The family of Leon Patterson, who died in police custody in November 1992, is still waiting for a verdict on his death. Patterson, a young black man from London, was arrested in Stockport, near Manchester. He was held at Stockport police station for six days and transferred to Denton station where he died a few hours later, naked in his cell. His body was covered in bruises. According to other prisoners he had been vomiting and shouting incoherently and, though he was unconscious for long spells, he had been refused hospital treatment. The police claimed he died from self-inflicted injuries. An inquest found that he had been unlawfully killed but the police appealed and in May 1994 the High Court overturned the verdict. More than three years after Patterson's death, a date for a new inquest has still to be set.

Such cases foster a growing belief that the authorities simply do not care about the death of another black man. Yet this increasing unease between the police and black people takes place against a background of major changes in police practice and procedure. Over the past decade the police have striven to be more sensitive to the issue of racism, and to demonstrate their sensitivity. The Metropolitan Police, for instance, has set up local consultative committees, organised race-awareness courses for its staff, and tried to recruit black officers. The appointment of Paul Condon as commissioner seemed to symbolise the new-style police force.

Yet deaths in custody have continued. In the eyes of many police officers, it seems, all young black men are potential criminals, drug dealers or Yardies, and are treated as such. As the gap between expectations of change and the experience of discrimination has widened, so there has been greater frustration among young blacks, a frustration that vented itself explosively on Wednesday night.

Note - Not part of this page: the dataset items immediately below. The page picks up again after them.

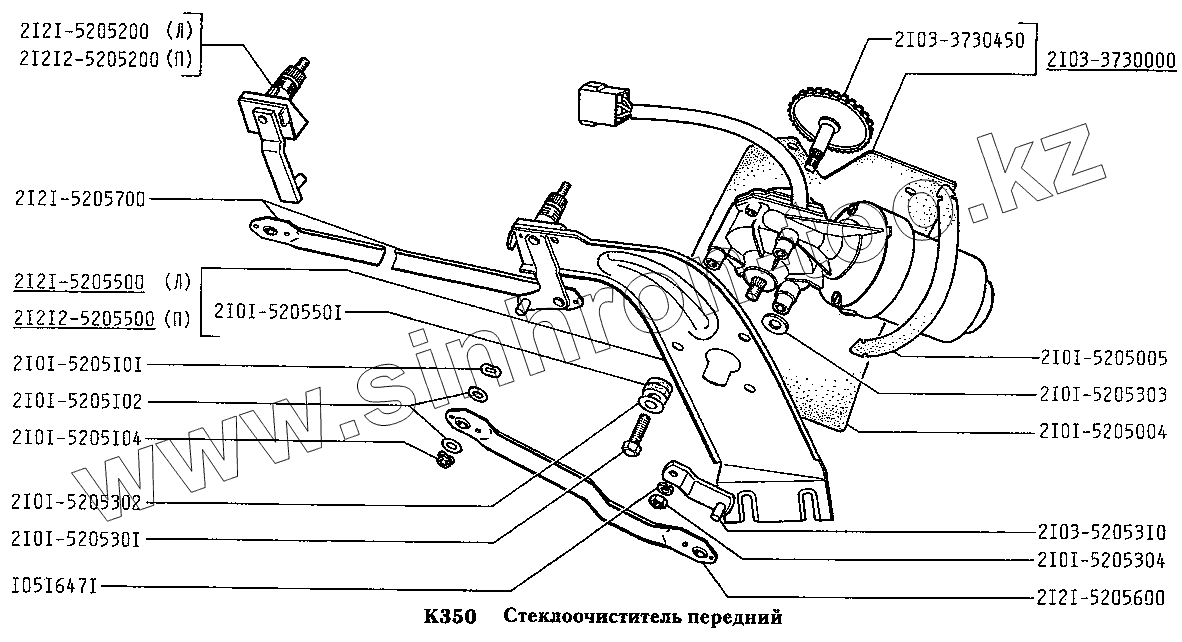 Каталог запасных частей к технике: ВАЗ-2131 (NIVA). Стеклоочиститель передний
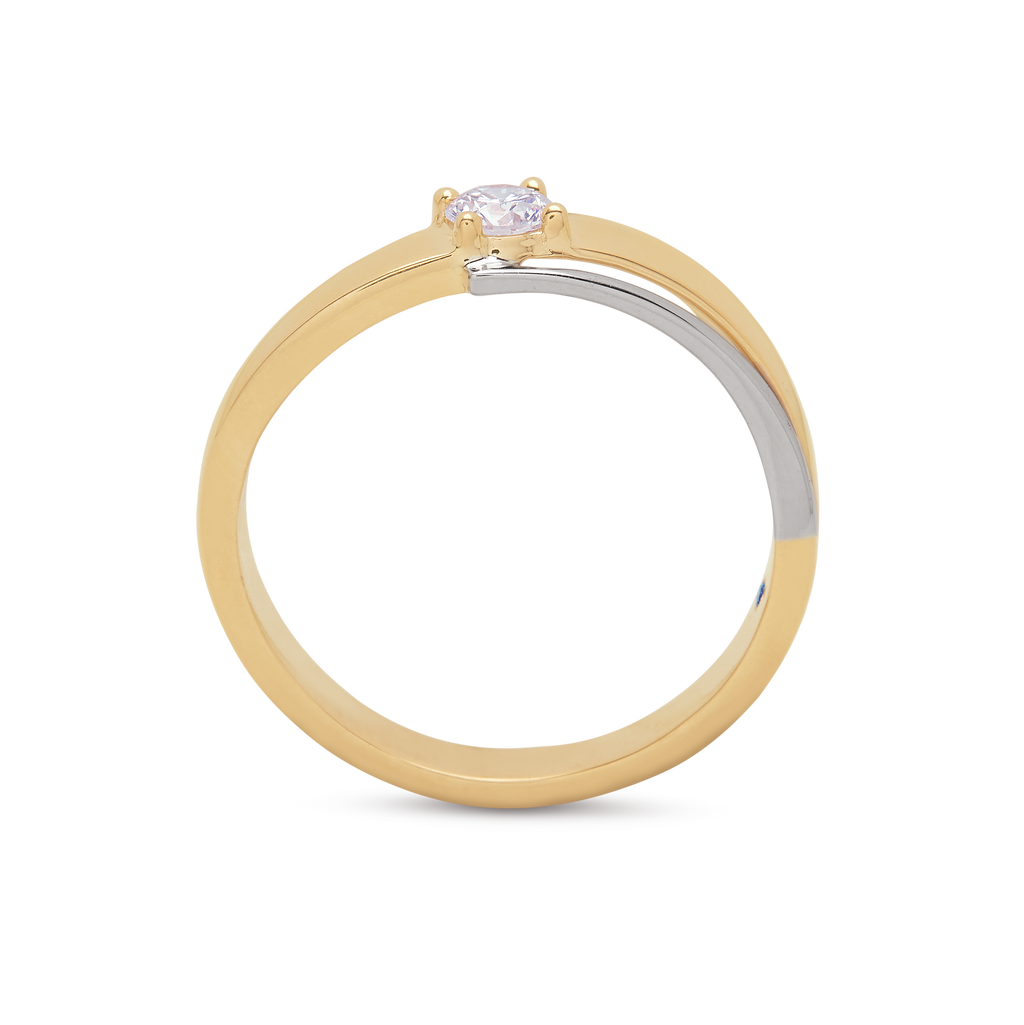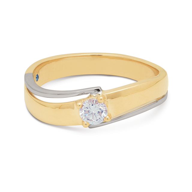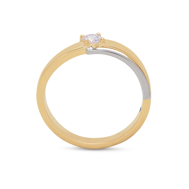 A yellow-gold band accented by a flowing white-gold ribbon that sweeps around to cradle a brilliant round solitaire—contrasting hues meet minimalist precision.
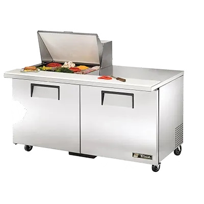 Invest in superior quality with the True Manufacturing TSSU-60-12M-B-HC Refrigerated Counter, Mega Top Sandwich / Salad Unit. This top-of-the-line unit is designed to meet the demanding needs of commercial restaurants. With its stainless steel insulated cover and 8-7/8"D cutting board, it provides a hygienic and convenient workspace for preparing sandwiches and salads. The unit features (12) 1/6 size (4"D) poly pans, allowing for efficient organization and easy access to ingredients. The stainless steel top, front, and sides, along with the aluminum back, ensure durability and longevity. The aluminum interior with a stainless steel floor is easy to clean and maintain. Equipped with (2) full doors and (4) shelves, this unit offers ample storage space for your ingredients and supplies. The 5" castors make it easy to move the unit around the kitchen. With its energy-efficient design and R290 Hydrocarbon refrigerant, this unit not only saves on energy costs but also helps reduce environmental impact. Invest in the True Manufacturing TSSU-60-12M-B-HC and elevate your restaurant's efficiency and productivity.
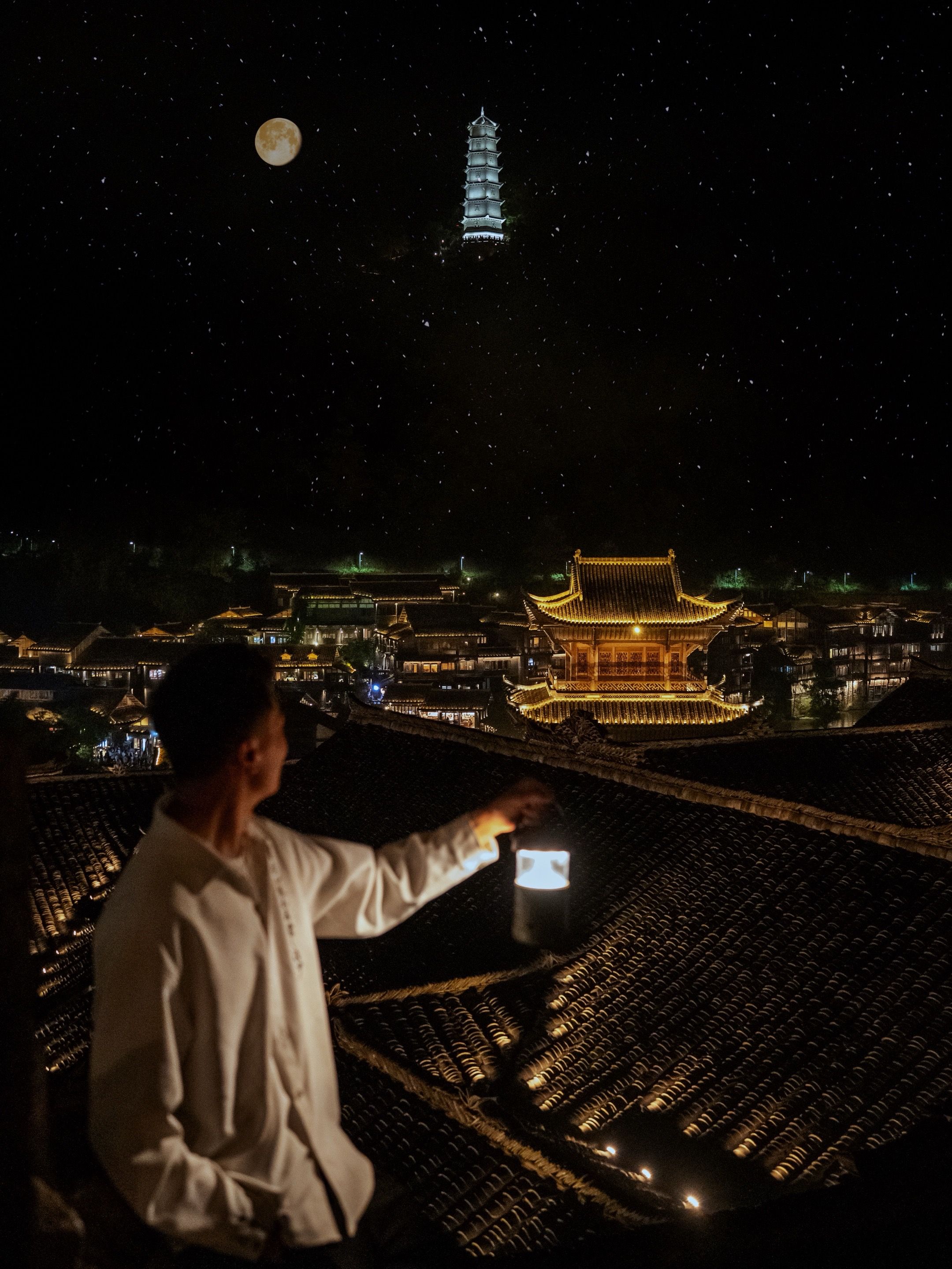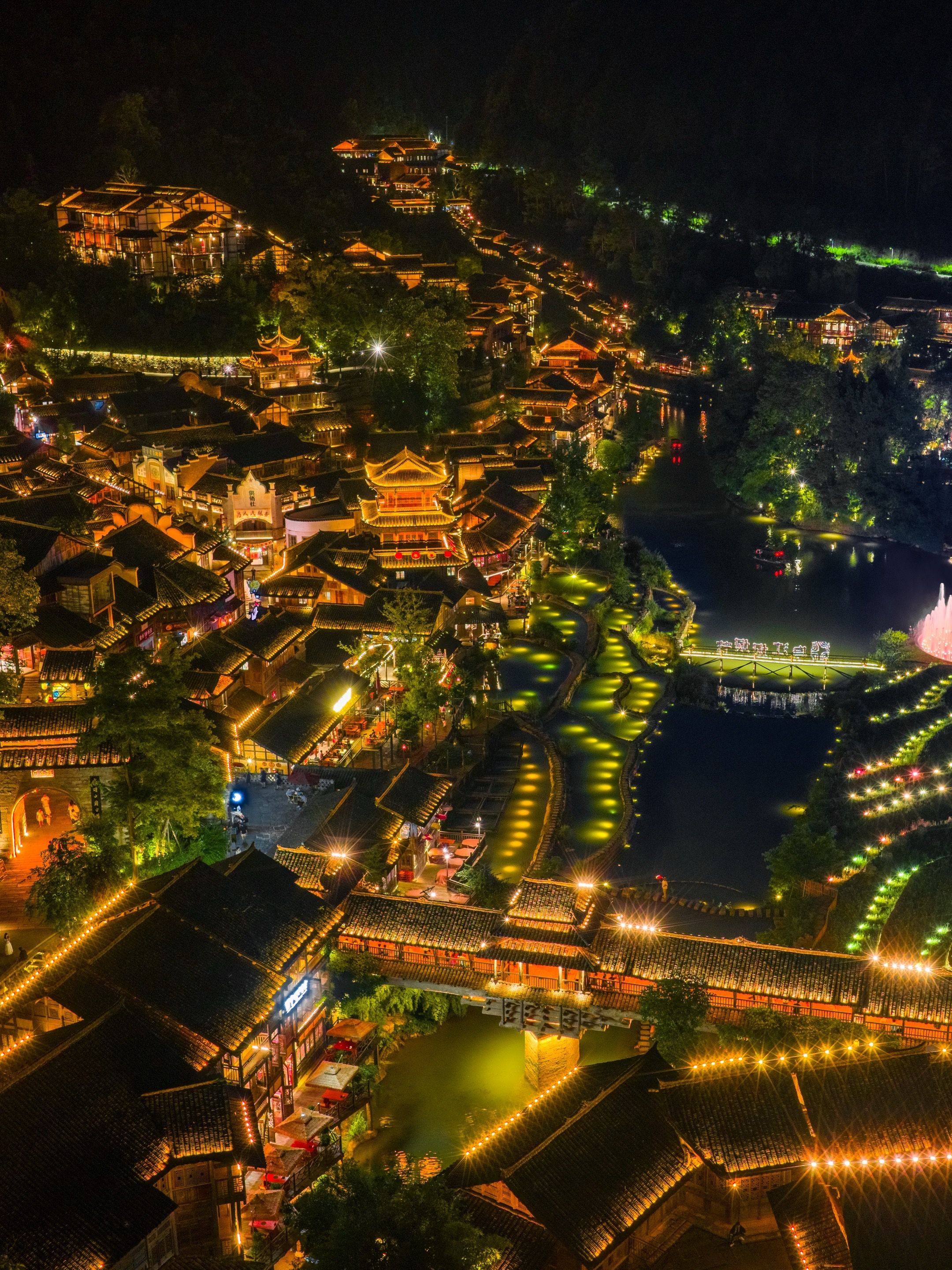 夜游必冲:摇橹船划过灯影江面+民俗闹街巡游(民俗文化体验直接拉满)+火壶火舞秀(火壶不仅有“火树银花”的美丽,更有“百家安宁”的祝福!手机拍不出十分之一震撼!)+万人打跳夜,夜景美到失语~
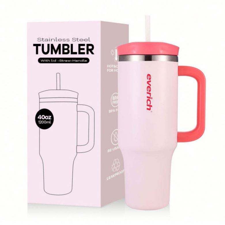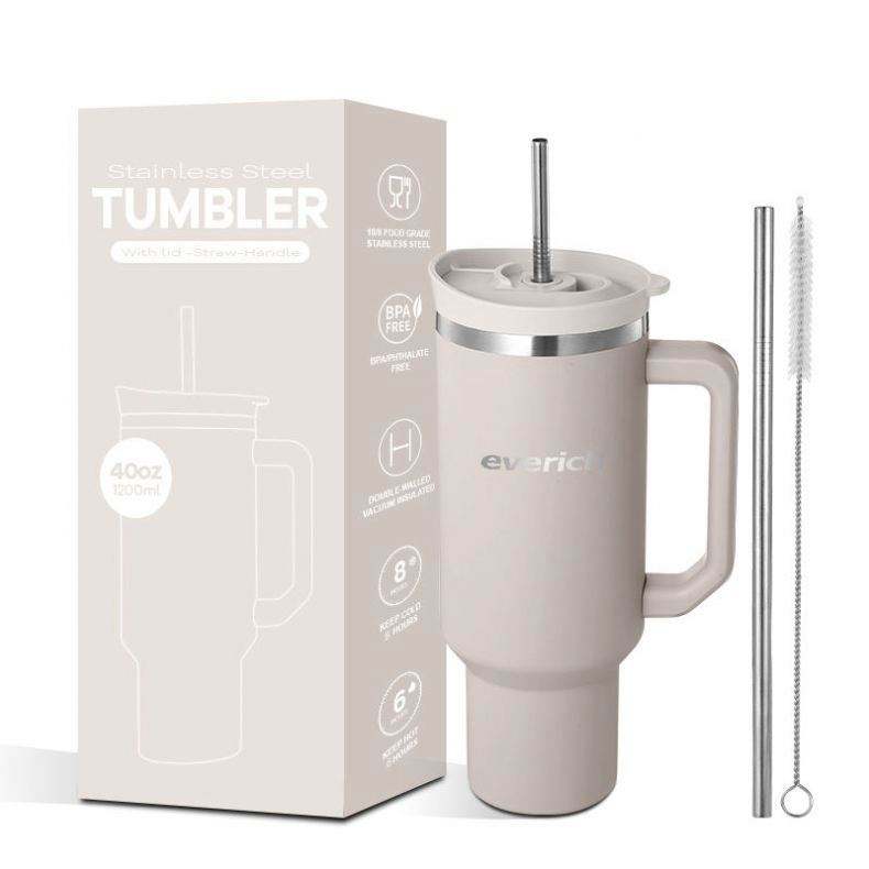 Mug de voyage isotherme en acier inoxydable à double paroi de 40 oz avec logo personnalisé, couvercle anti-poussière et poignée, idéal pour l'aventure

Wednesday's protest was neither organised, nor hijacked by extremists. Most of those present were ordinary young people, largely black, many of them women. Every one had a tale to tell about police harassment or intimidation.

We do not hear their stories. We hear of violence in the streets of Brixton again. The pattern of the last 12 years reaffirms itself. The police and media, bereft of explanations, blame the riot on individuals, such as the lawyer Rudy Narayan, or on outside agitators. Again the issue at the heart of the protest - the death of a black man in custody - is ignored, and the cycle of frustration and anger followed by violence continues.